La educación de Emily fue de las mejores que una chica podía recibir en esa época, algo que no era común para todas, pero en Amherst sí se valoraba. Pasó siete años en la Amherst Academy, donde devoraba clases de latín, astronomía y todo tipo de ciencias naturales, y luego, a los 17, se fue por un año al Mount Holyoke Female Seminary, una escuela para mujeres que enfatizaba la religión; sin embargo, no aguantó el ambiente tan estricto y el constante llamado a “convertirse” espiritualmente, así que regresó a casa con una mezcla de alivio y nostalgia. En casa, cuidaba el jardín con pasión, como si cada flor fuera un poema; momentos de libertad interior, tocaba el piano, leía a autores como Shakespeare o los románticos, y escribía cartas a sus amigas de la infancia, llenas de humor y reflexiones. Su papá era estricto, pero cariñoso. La familia se mudó de vuelta a Homestead en 1855.

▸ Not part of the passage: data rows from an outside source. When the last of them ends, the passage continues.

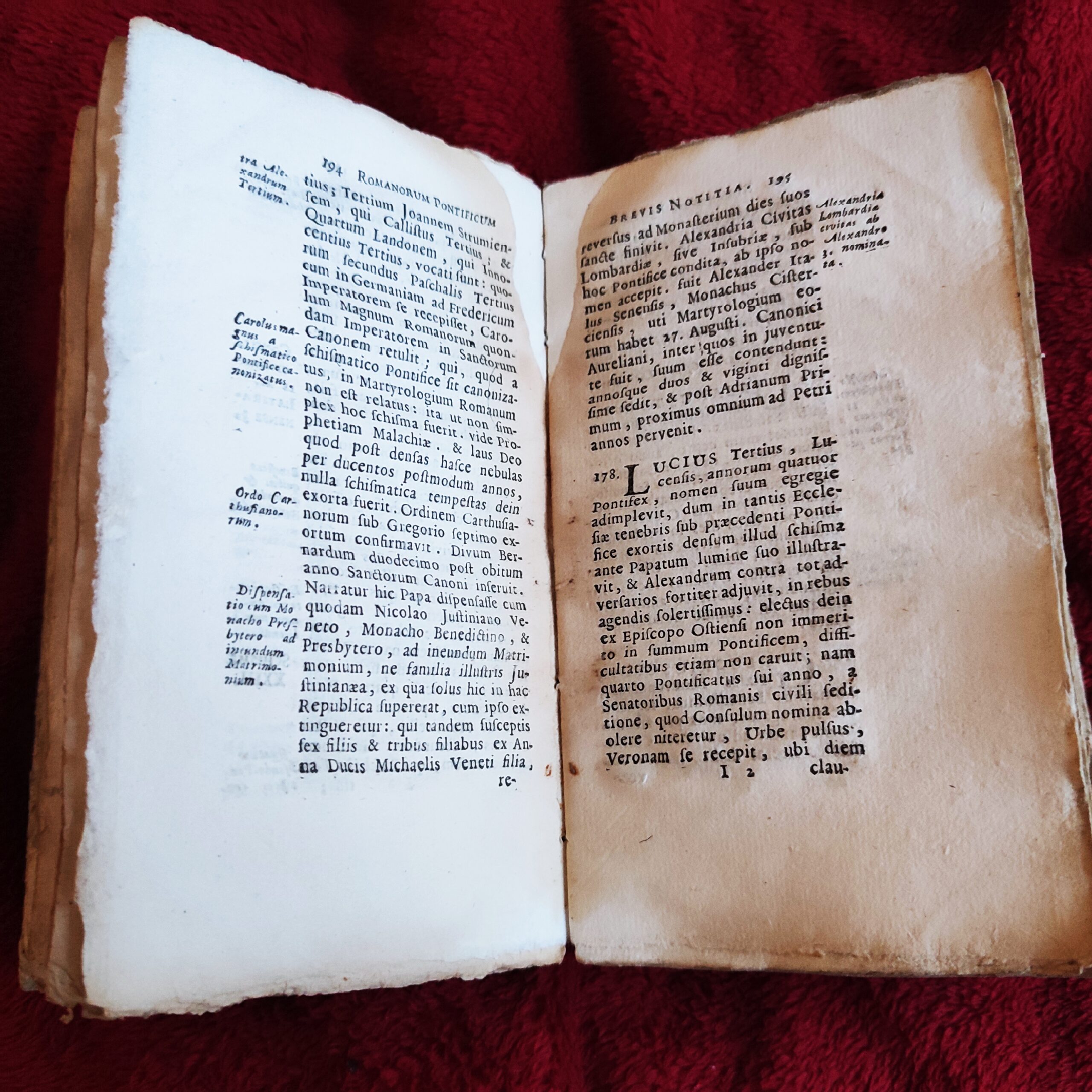 Drugie wydanie (pierwsze w 1724 roku w tym samym miejscu i u tego samego drukarza) znanego opracowania podejmującego historię papiestwa oraz liturgii.
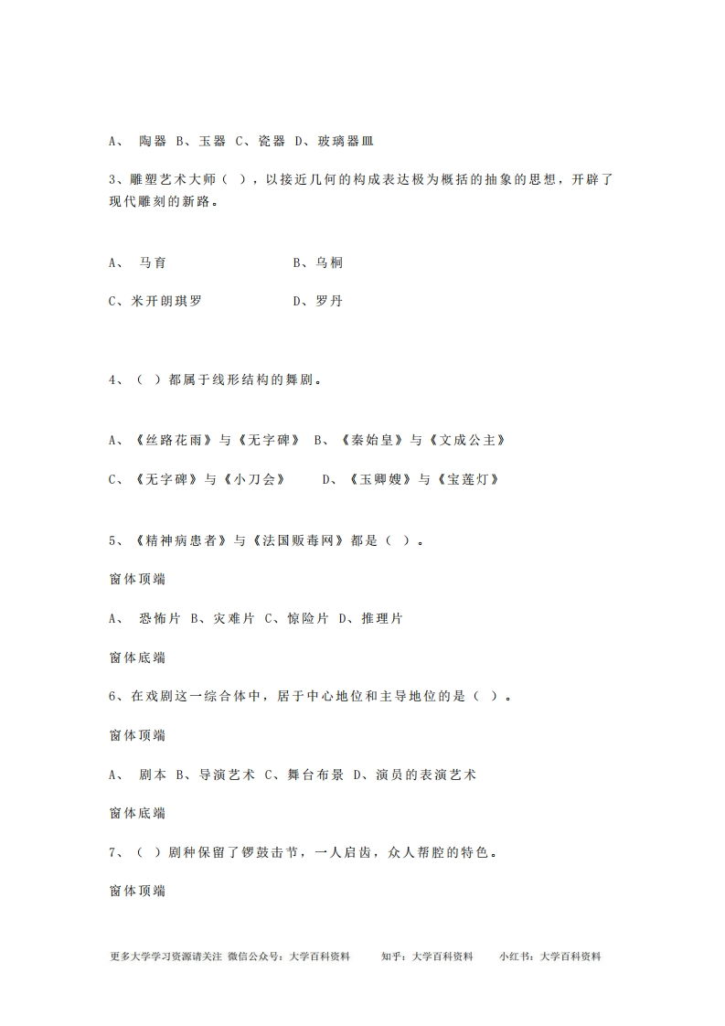 艺术学概论考试试题及参考答案一猴哥6个月前发布关注私信0.19MB7页03552艺术学概论考试试题及参考答案一此内容为免费资源,请登录后查看¥0 登录查看免费资源 第1页 / 共7页 第2页 / 共7页 第3页 / 共7页 该文档为免费文档,您可直接下载完整版进行阅读 © 版权声明文章版权归作者所有,未经允许请勿转载。THE END《艺术学概论》学习资料合集 期末复习 喜欢就支持一下吧点赞52赞赏 分享QQ空间微博QQ好友海报分享复制链接收藏
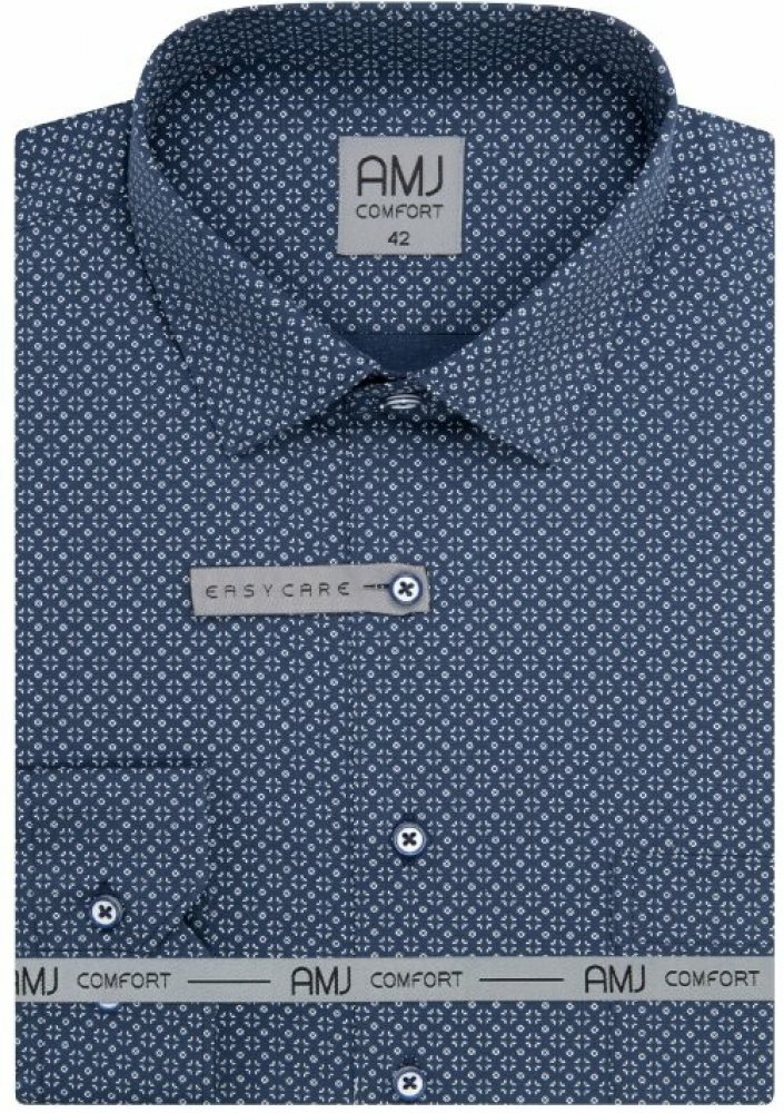 Košile s dlouhým rukávem od značky AMJ v modré barvě se světlým vzorem. Zapínání na knoflíky v bílé barvě s modrým ohraničením. Košile bez kapsičky. Má vyštíhlený střih SLIM FIT. Ušita z 95 % bavlny a 5 % spandexu. Košile v úpravě EASY CARE, která zajistí snadné žehlení.

Conforme entraba en sus veinte, Emily empezó a retirarse del bullicio social, prefería su mundo interior. Imagina que decides no ir a todas las fiestas y, en cambio, pasas las noches leyendo o escribiendo. Cultivó amistades a través de cartas, manteniendo correspondencia con editores, escritores y confidentes como Thomas Wentworth Higginson, a quien llamaba su “preceptor”. Entre 1858 y 1865, en medio de la Guerra Civil, vivió su época más creativa: escribió más de mil poemas, los cosía en cuadernitos caseros llamados fascículos y los compartía en cartas con su cuñada Susan Gilbert, que se casó con Austin y vivía en la casa de al lado, o con amigos como Samuel Bowles, quien publicó algunos sin pedirle permiso. Solo una docena de sus poemas vieron la luz en vida, y casi siempre de forma anónima o editada.

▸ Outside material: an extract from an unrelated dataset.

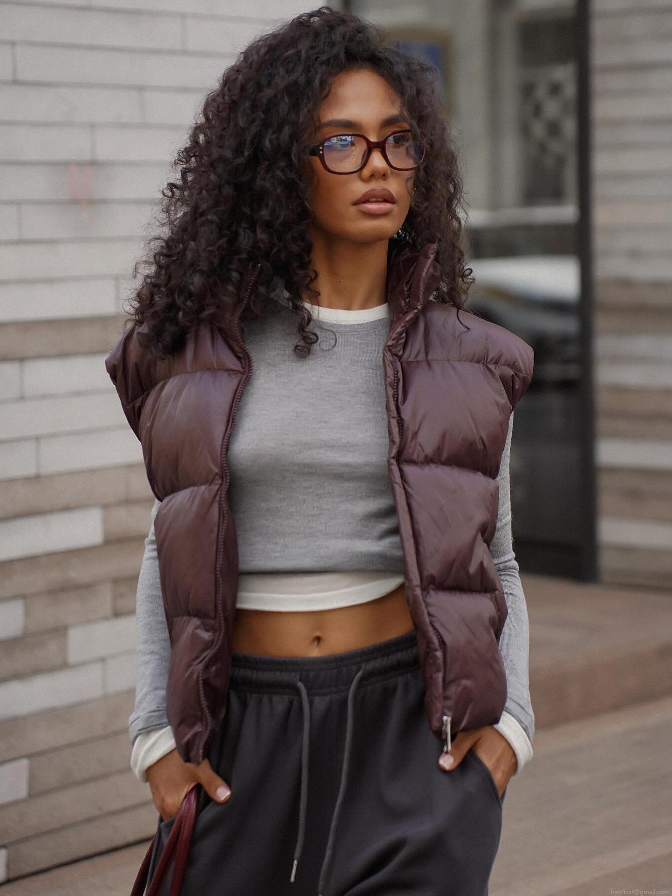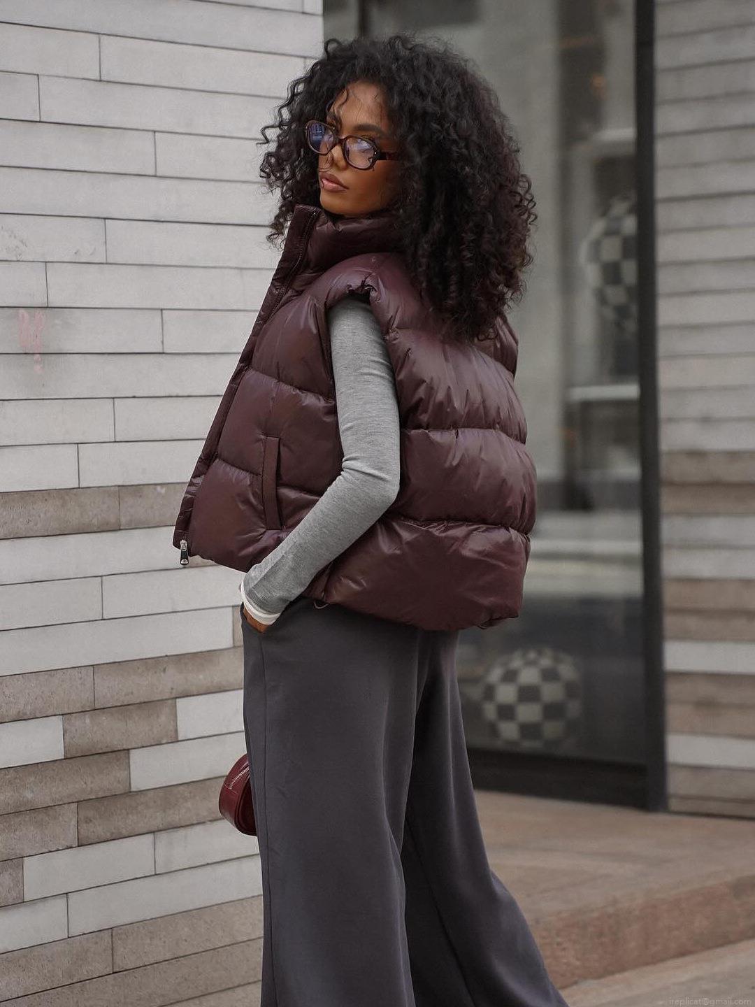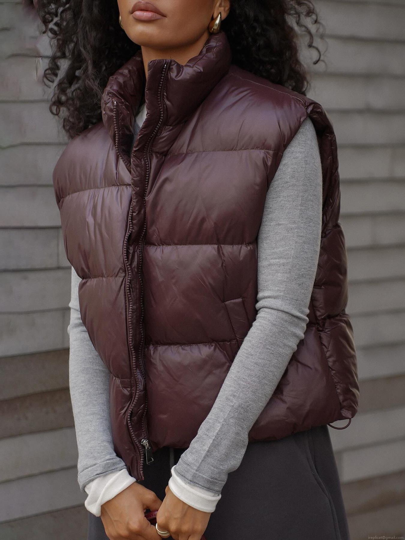 Solid Color, Pocket, Quilting, Zipper, Turtleneck

Su reclusión se volvió más notoria en los siguientes años. Rara vez salía del Homestead, recibía visitas contadas, como la de Higginson en 1870, a quien le explicó la poesía de una forma que cualquiera entendería: “Si leo un libro y todo mi cuerpo se enfría tanto que ningún fuego lo calienta, sé que es poesía”. Mantuvo amores a distancia, pero siempre a través de cartas apasionadas y juguetonas, sin casarse nunca. La familia era su ancla, adoraba a sus sobrinos, especialmente al pequeño Gilbert, y cuidó a su madre cuando esta quedó inválida. Los golpes llegaron en los últimos años: la muerte de su padre en 1874, de su madre en 1882 y de su sobrino en 1883, y problemas de salud como dolores de ojos la mantuvieron más en casa, pero siguió escribiendo hasta sumar casi 1800 poemas.
Emily se fue el 15 de mayo de 1886, a los 55 años; murió en su amado Homestead, rodeada de los suyos, y la enterraron en el cementerio del pueblo con una sencilla lápida que solo dice “Llamada de vuelta”. Nadie imaginaba entonces el tesoro que dejó, Lavinia encontró los fascículos en su habitación y, con ayuda de Higginson y Mabel Loomis Todd, publicó el primer libro de poemas en 1890, que fue un éxito.
Frases de Emily Dickinson
- Para viajar lejos, no hay mejor nave que un libro.
- La esperanza es esa cosa con plumas que se posa en el alma y canta la melodía sin palabras, que nunca cesa.
- Ignoramos nuestra verdadera estatura hasta que nos ponemos en pie.
- Lo que nunca volverá otra vez, es lo que hace la vida tan dulce.
- Todo lo que sabemos del amor es que el amor es todo lo que hay.
- No hay mejor fragata que un libro para llevarnos a tierras lejanas.
- El éxito es más dulce a aquellas personas que nunca antes lo habían disfrutado.
- El hecho de que sea irrepetible es lo que hace tan dulce la vida.